To do a functional annotation the software eggNOGmapper were used, which were run with the script Functional_analysis.sh. The corrected assembly were used as input to eggNOGmapper. In this software several options are possible, for this analysis diamond blastp were used, which is also the default. In the command a flag was used to specify the type of sequence the input data is, this one was set to "genome". The result from the functional analysis were used to see a suggested function for an interesting gene, more about that further in the analysis description.
The software HTSeq were used to count the mapping reads to genomic features. To use this, the bam files from the mapping of DNA and transcriptome were sorted, this were performed with the script Sort_BAM_files.sh. After that the script Read_counting.sh were run to use HTSeq were the agusutus.hints.gff file from the structural annotation were used along with each of the sorted files as input. Flags are used to specify that the mapped files are sorted by position, which one is the ID attribute as well as that the input format is in BAM. The output are one file for each mapped file that specify the counting. These are downloaded to the local computer with Rsync to be used in R with the package DESeq2.

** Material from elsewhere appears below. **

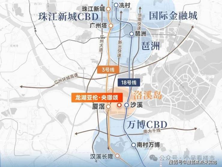项目周边有地铁3/18号线,从小区步行到18号线沙溪站约790米左右,需要走12分钟,乘坐18号线可以1站到万博,2站琶洲,3站珠江新城,走到3号线厦滘站会比较远,约1.5公里,要走22分钟左右,3号线去珠城,广州东站也是直达。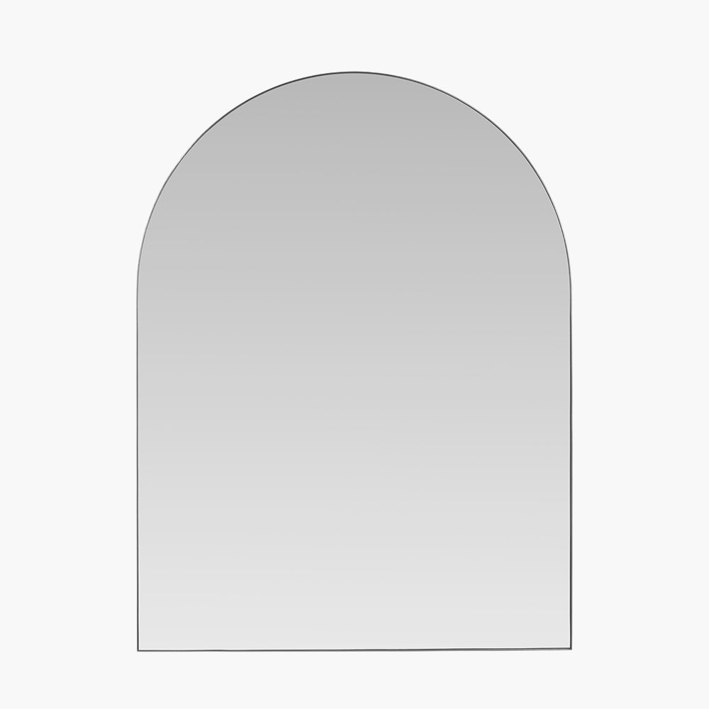 This elegant silver tall arch mirror is the perfect addition to an industrial or minimalist décor and ideal for rooms with high ceilings. The slim metal frame is finished in a soft brushed silver perfect for adding a spacious feel and brightness to your space. Not suitable for bathroom use.

DESeq2 is a package used in R with RStudio. It is installed using this command:
if (!require("BiocManager", quietly = TRUE))
install.packages("BiocManager")
BiocManager::install("DESeq2")
The code for doing the analysis can be found in the file DeSeq2.R. Using DESeq2 a heat map and a PCA are performed with the read counting as input, the results can be seen below.
Heat map
Figure 9. Heat map from the read counting, showing the 15 genes with most variance.
In figure 9 the heat map can be seen. On the y-axis there are the 15 genes with the most variance. Each of these are picked out and searched for in the augustus.hints.gff3 file which were produced from the structural annotation analysis step. There, another name in the format "tig00000XXX_pilon" is noted which in its turn is searched for in the functional annotation output file Functional_annotations.emapper.gff. If a hit was found with the correct start position, the annotated function of this hit was noted. This resulted in two hits of the 15 checked genes. These can be seen below in table 1.
Table 1. Table with the genes of interest and their annotated function.
The gene g1502 were red in the heat map for the three specified samples in table 1, but only light red which means that there are not as much expression variance compared to the other samples compared to if it would have been dark red. The color scale between red and blue is an indication of how much the gene expression varies. The second gene in table 1 is g653 which is dark red for the specified sample from aril in the Monthong. This means that the variation of expression is larger between the samples for this gene.
PCA
Figure 10. PCA from the read counting.
In figure 10 of the PCA there can be seen that the sample from stem, root and leaf are close to each other. That means that the variance of expression between these are quite low. While for the samples of aril of Musang King and the samples from aril of Monthong, the data points are more far away from each others. This means that there are more variance in expression between these samples, and that is therefore an indication that there are differences in how genes are expressed in the arils between different fruits.